Six des treize régions françaises ont voté cette "Clause Molère" pour s'assurer du respect des consignes de sécurité et lutter contre les effets d'une directive européenne qui autorise le recours temporaire à des travailleurs détachés venant de l'Union européenne.

"Brigade de contrôle" et "préférence nationale"


Vincent You, élu municipal conservateur d'Angoulême s'agace des accusations de discrimination :

"En tant que maître d’ouvrage, je suis responsable du chantier et de la sécurité sur ce chantier. Il n’y a rien de plus dangereux qu’un chantier où les gens ne se comprennent pas", a-t-il dit à l'AFP.

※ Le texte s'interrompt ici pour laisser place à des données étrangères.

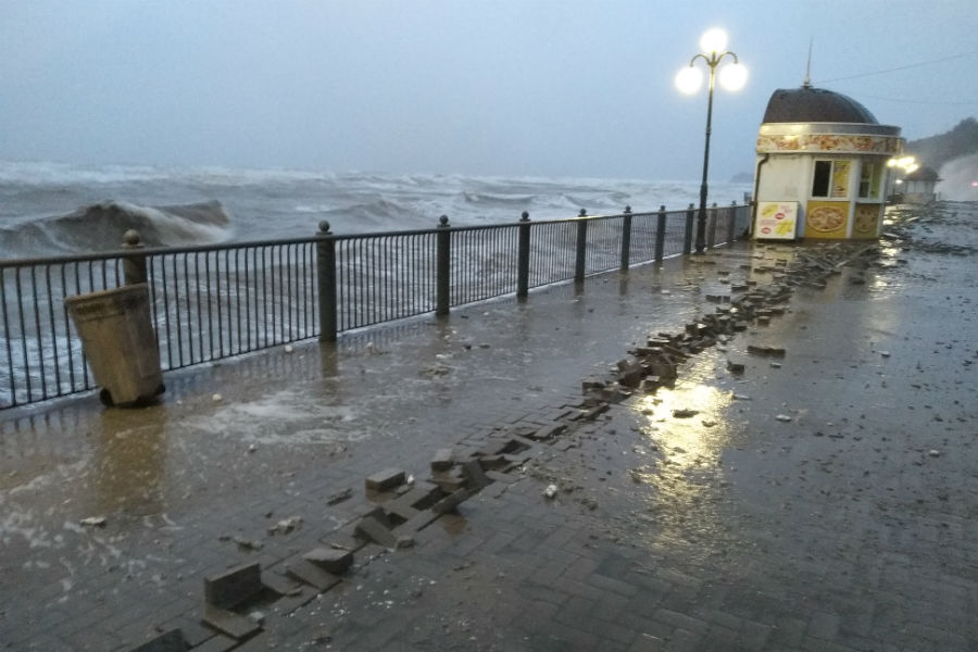 В Светлогорске шторм повредил старый променад в районе отеля «Гранд палас", сообщают очевидцы. Частично разрушено покрытие променада, сквозь щели бьют волны, вокруг разбросана повреждённая плитка. Видеокамеры правительства на стройплощадке нового променада не работают.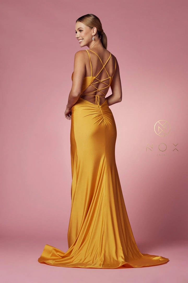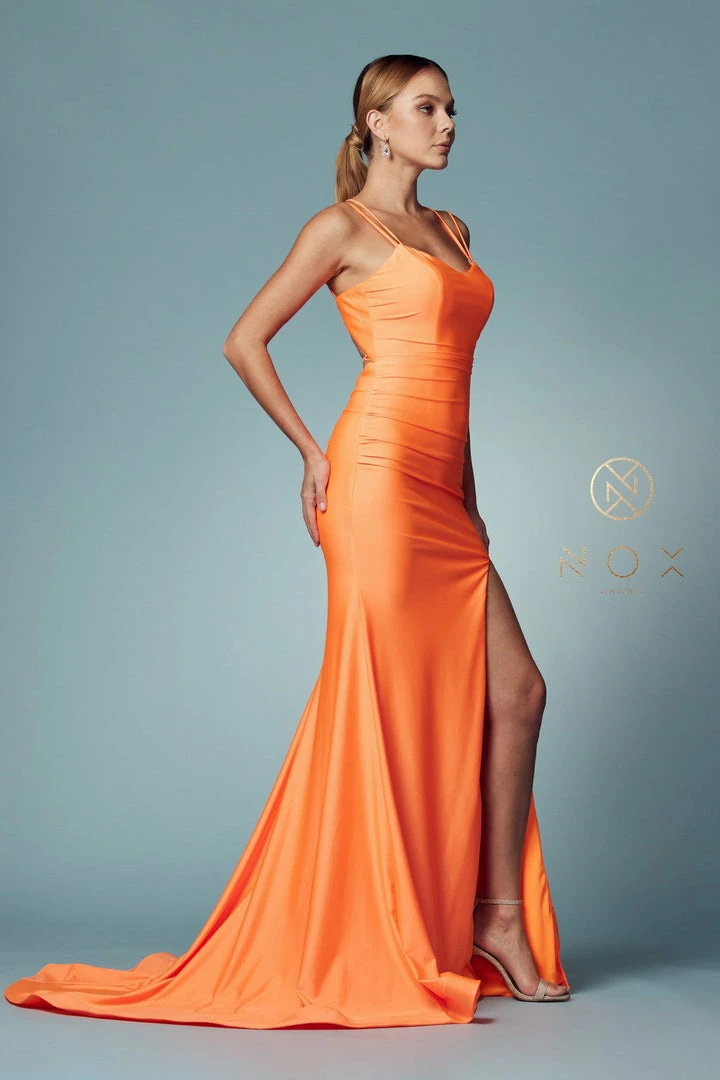 Nox Anabel T481 Long Fitted Jersey Prom Dress Backless Corset Slit Formal Gown Train Sleek and chic with a lightweight feel, this gorgeous scoop neck with spaghetti straps fitted gown by NOX ANNABEL is as cool as it is comfortable. A gently scooped neckline pairs perfectly with thin straps, highlighting the face with an open wide neck bringing a touch of luxurious, effortless texture with the soft scoop detail. This beautiful mermaid gown adorns a side slit that finishes to full length. The open back is secured with crisscross straps.

Un des promoteurs les plus acharnés de la clause, le président de la région Auvergne-Rhône-Alpes, Laurent Wauquiez (LR), a même mis sur pied cette semaine une "brigade de contrôle", qui veut lutter contre "la concurrence déloyale que représente l'emploi des travailleurs détachés" et "d'apporter la démonstration que la préférence nationale".

A l'oposée, le Premier ministre Bernard Cazeneuve (PS) a dénoncé une "mesure ouvertement discriminatoire".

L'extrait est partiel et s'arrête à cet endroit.